If not I will sent it Purolator.

Sun Sep 14, 2008 8:13 pm

Dave: Join up with the Fairchild Club. Lots of good info and Jamie Treat has put together a CD with all the prints for most of the single engine Fairchilds, as well as the manuals. There are a number of guys in the club running radials on their birds.

Mon Sep 15, 2008 9:05 am

Great idea, I just did it. Thanks!

Should be able to fly it again this evening, now that Ike has passed through.


Fairchild 24

Mon Sep 15, 2008 9:14 am

Boy, are you gonna have fun. what a beautiful aircraft. I wish you both well & happy flying.

Tue Sep 16, 2008 8:44 am

Learning... learning...

Went to fly it last night after Ike's winds slowed down, and couldn't start it.

I thought the Intake Manifold was primed in the Warner because I saw only one primer line going forward. Turns out it's to only one cylinder. It's pretty hard to flood an intake manifold. You sure can flood one cylinder.

And then the battery, already not quite up, was too low. Oh well, learning experience.

I noticed an old-fashioned '70s vintage starter solenoid on the firewall. Rusty-looking. Just like my old '76 Dodge. I'll start with replacing that.
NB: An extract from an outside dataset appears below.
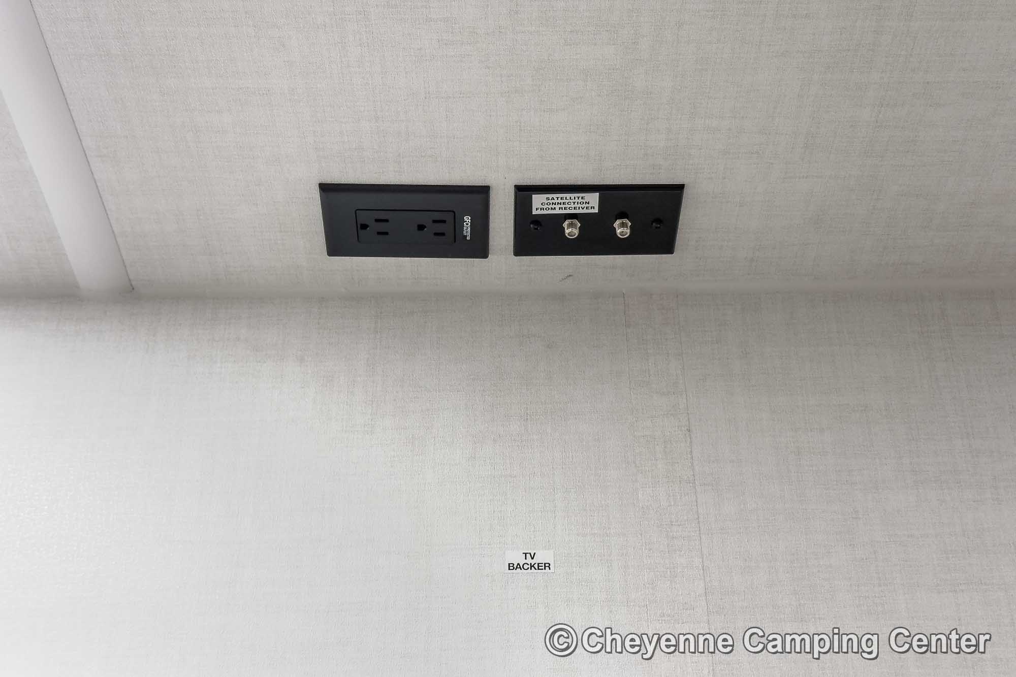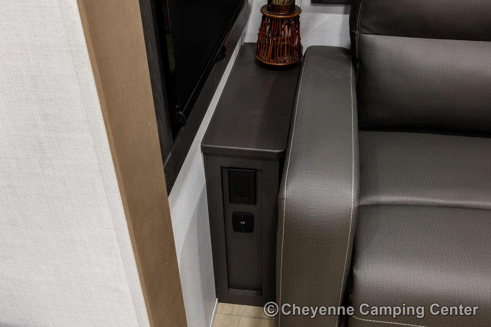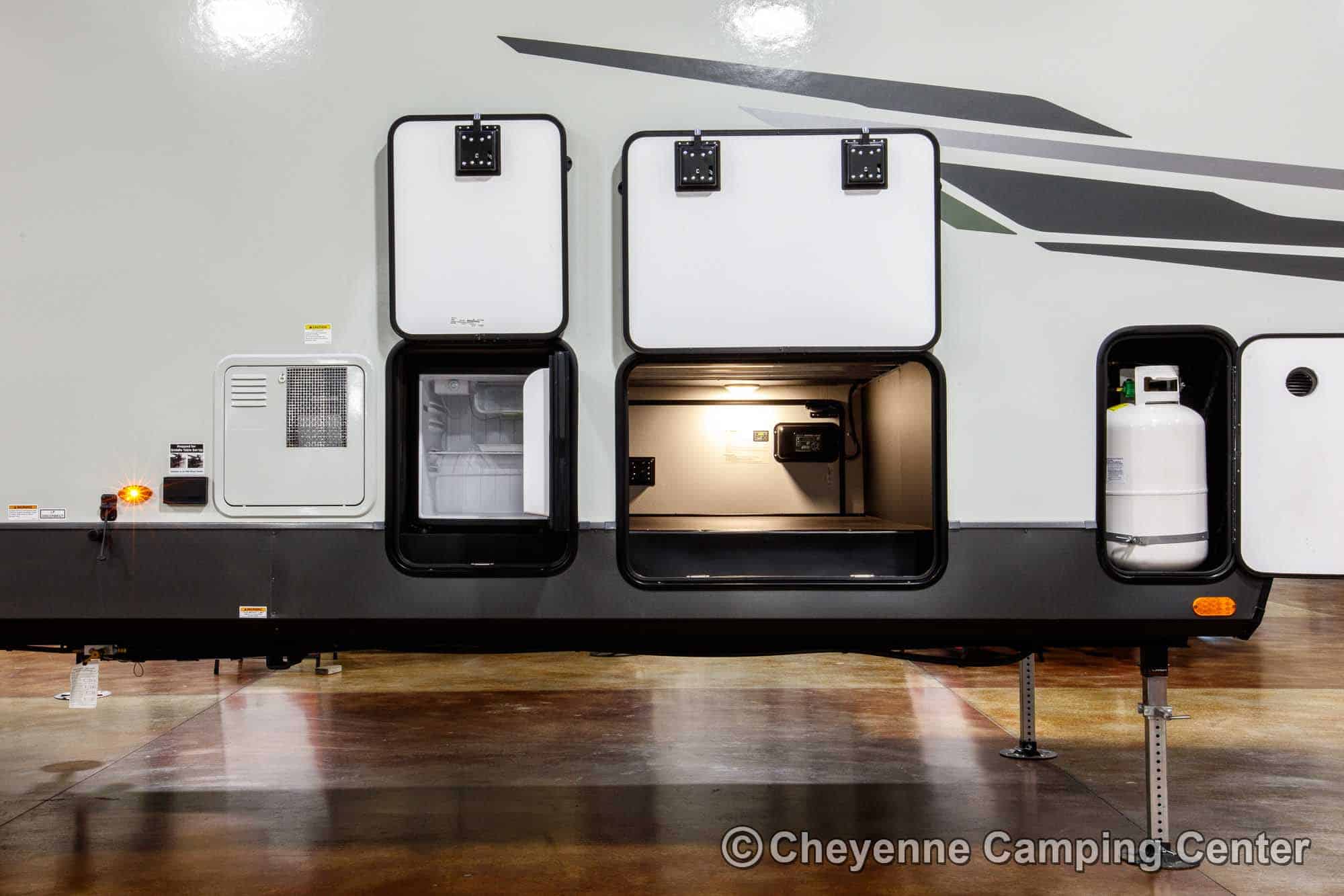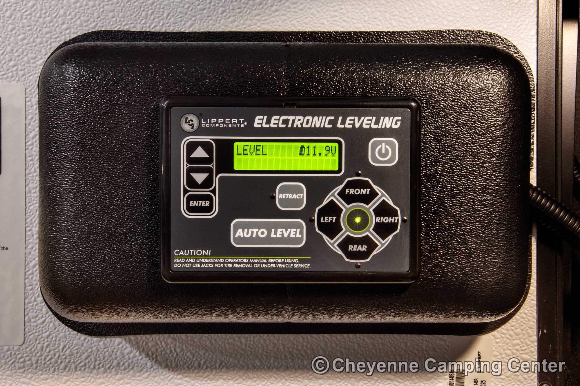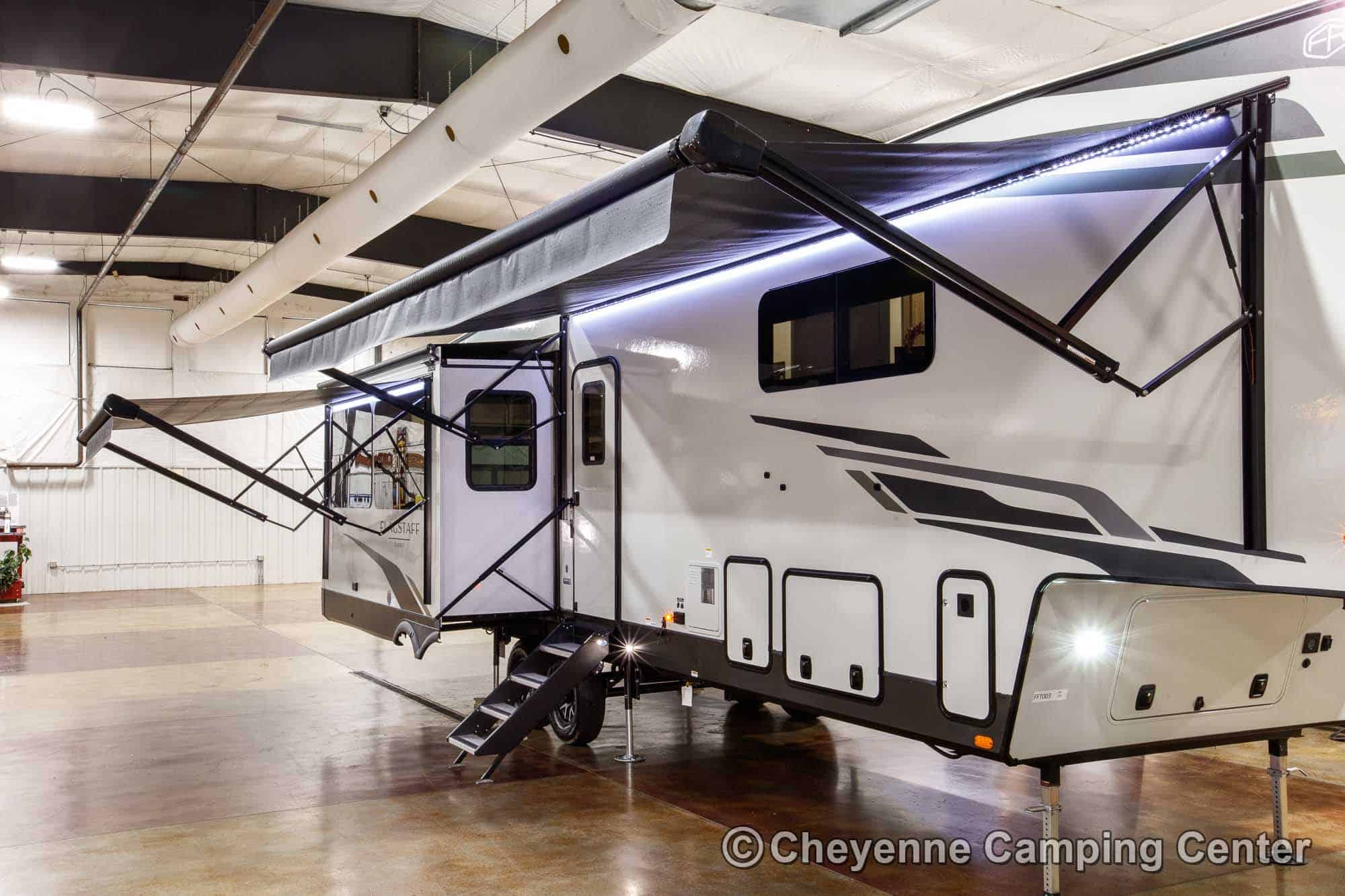 Exterior Features: Enjoy two power awnings with LED lighting, slide toppers, a 200-watt solar panel, large storage compartments, and an outdoor refrigerator. Convenience and safety come standard with auto leveling, a roof ladder, a CURT ROTAFLEX pinbox, CURT slipper roller axles, anti-lock brakes, Goodyear Endurance tires, a TPMS tire pressure monitoring system, and a rear towing hitch.

So the start sequence according to the Old Guy Who Knows (not kidding -- he does) is interesting.... Fuel on, pull the prop by hand 14 blades, go back inside, prime 5 strokes (on a primer that is almost impossible to tell whether it's priming or not) pull 4 more blades, take your seat, engage the started, count 2 blades, then mags on. Before yesterday it started right up. But I'm sure I flooded it while fiddling around with the primer trying to find out whether it was working. Then I didn't recognize the issue, so didn't pull it backwards to clear it.

Try again today!

Tue Sep 16, 2008 8:54 pm

Very nice Dave. I have seen that one in the hangar a few times at Brampton. I’m sure you and Robin will have a blast touring around Ontario with it. You know who wants to shoot it :wink: Back in 99 I photographed it with a pretty little low wing homebuilt painted in the same markings. Is it still there?

See you at Gatineau on the weekend.


Eric & Berni

Tue Sep 16, 2008 9:41 pm

Well, the learning curve was steep but we climbed it.

First came re-charging the battery. We waited. In the meantime Robin hung up her new checklist, which beat my own pitiful technical scribble to dust.


Last edited by Dave Hadfield on Sun Feb 11, 2018 8:09 am, edited 1 time in total.